The WEB is designed to treat aneurysms that occur at bifurcations or terminuses, where the artery splits into two other arteries and an aneurysm grows off the top.
“The arteries are God’s or nature’s own way of getting things to everywhere in your body, so you hop on the freeway and get to anywhere you need to go,” Arthur said.
Using a catheter inserted through either the groin or wrist, Arthur guides the WEB, a small sphere made out of woven metal fibers, to the aneurysm and blocks the blood flow to prevent a rupture that could cause a stroke.

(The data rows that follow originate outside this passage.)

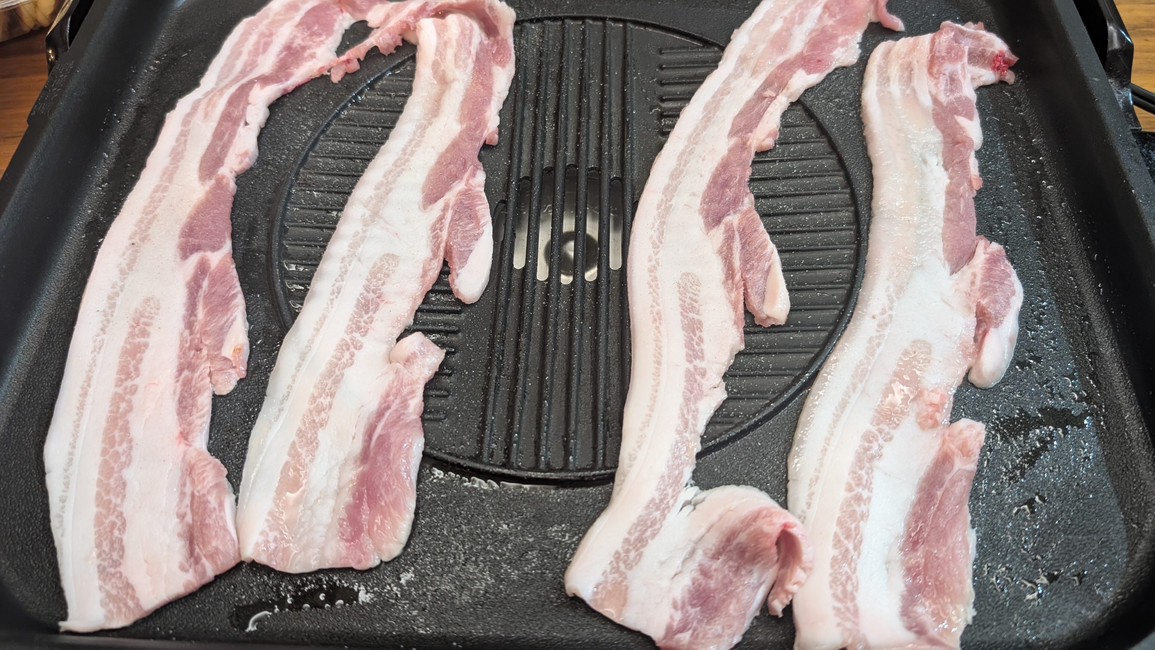 長い豚肉をそのまま焼いて少々塩コショウを振り、焼けたらハサミで切るだけ。
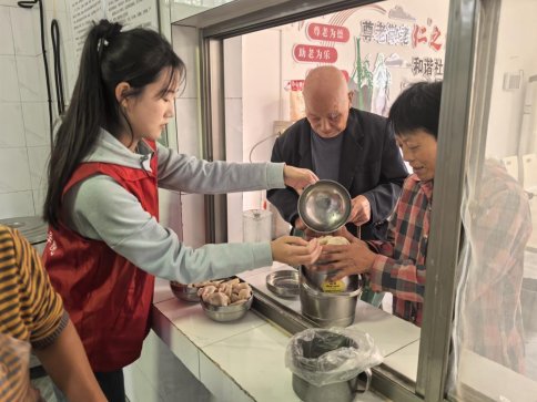 在社区,志愿者帮助清扫卫生,和老人们拉家常,向爱心食堂献上慰问品,帮助社区工作人员包水饺。对于行动不变的老人,志愿者将打包好的水饺、饭菜送到老人家中,并送上重阳节的浓情问候和关怀祝福。
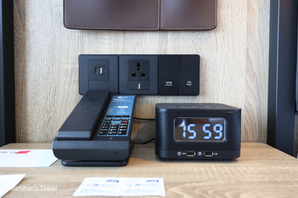還有就是房間裡插座很多,床的兩側、餐桌旁邊都有插座和USB、Type-C插槽,在哪都可以輕鬆充電。床邊還有個可以讓手機無線充電的藍芽音響。
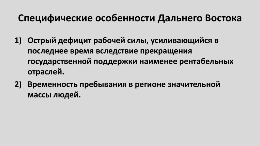 59. Специфические особенности Дальнего Востока

“The results of the trial, which we’re getting ready to publish, are really good — 150 patients, an outstanding safety record and a very good effectiveness record,” Arthur said. “It’s ironic we did the first trial at (Methodist) University Hospital and the first commercial case right here at University Hospital in Memphis.”
The risk, like with the traditional method, is the potential for the aneurysm to rupture during the procedure, or for one of the arteries to be unintentionally blocked, resulting in stroke.
“That’s the risk with anything you do. If you’re sticking things in people’s brains you can screw it up,” Arthur said. “I speak from personal experience.”
More than 40 doctors from around the country are in Memphis watching the first procedures through a live-stream at the Medical Education & Research Institute (MERI) across the street, so they can learn how to perform the procedure.
The second set of cases will be performed beginning Thursday in New York and expand to other cities thereafter. There are about 100 surgeries scheduled in the next month.
Five doctors in the Methodist Le Bonheur Healthcare system are trained and available to perform the WEB procedure.
“I put my trust in God and then Dr. Arthur,” Brown said. “When I first got here (Monday) morning, I kept thinking about three years ago for some reason. I wasn’t fearful, but I kept thinking about how he wouldn’t have to go into my skull the way he did. I’m so grateful.”